- Born: September 18, 1909 Curitiba, Brazil
- Died: April 3, 1997 (aged 87) Curitiba, Brazil
- Education: Federal University of Paraná
- Occupations: Lawyer, writer, professor, linguist
- Known for: Contributions to law, linguistics, and Brazilian academia

= Vasco José Taborda Ribas =

Vasco José Taborda Ribas (September 18, 1909 – April 3, 1997) was a Brazilian lawyer, writer, professor and linguist.

He went to Ginásio Paranaense (acurrently Colégio Estadual do Paraná) and studied law at the Federal University of Paraná.

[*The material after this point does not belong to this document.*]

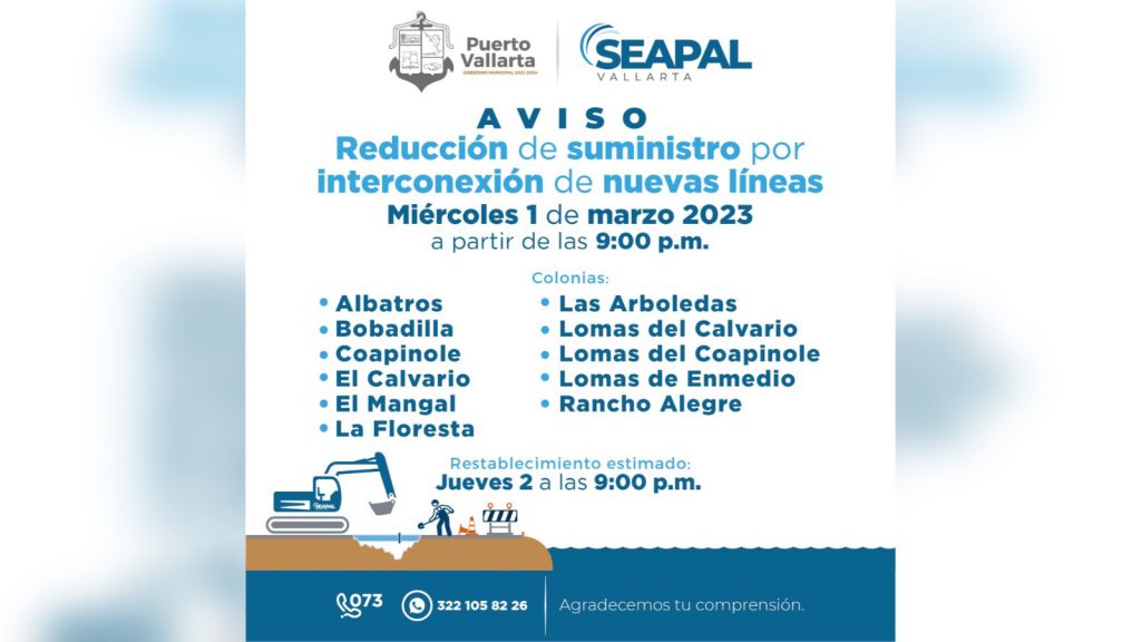 SEAPAL Vallarta agradece el apoyo y comprensión de la ciudadanía y los exhorta a almacenar agua previamente y a hacer un uso racional de la misma, recordando que estas obras de modernización tienen un beneficio a largo plazo para elevar el nivel de vida de los vallartenses, una instrucción constante del Profesor Luis Alberto Michel Rodríguez, alcalde de esta ciudad portuaria.

He was promoter of Justiça Militar no Brasil, general secretary of Tribunal de Contas do Paraná, director of Serviço Social do Paraná, procurer of the Tribunal de Contas do Paraná, librarian at the Instituto Neopitagórico and a member of institutions such as Círculo de Estudos Bandeirantes, PEN Clube do Brasil, etc.

==Works==
- Saturnópolis (1940);
- Um Episódio da Ocupação de Curitiba pelas Forças Federalistas em 1894 (1944)
- O Sete Orelhas
- Sapé
- Rocha Pombo (1958)
- Euclides da Cunha (1959)
- Rodrigo Junior (1960)
- Leôncio Correia (1960)
- Antologia do Folclore Brasileiro (1962)
- O Fisquim (1963)
- A Estrela e Eu (1963)
- Varredores da Madrugada
- Antologia de Trovadores do Paraná
- Antologia dos Poetas Paranaenses
- Trufas
- Muçaraí - Movimentos Poéticos (1970)
- Almenara - Meditação (1975)
- Trovadores do Brasil;
- Dicionário Cultural da Língua Portuguesa
- Roteiro - Viagem à Amazonia (1978)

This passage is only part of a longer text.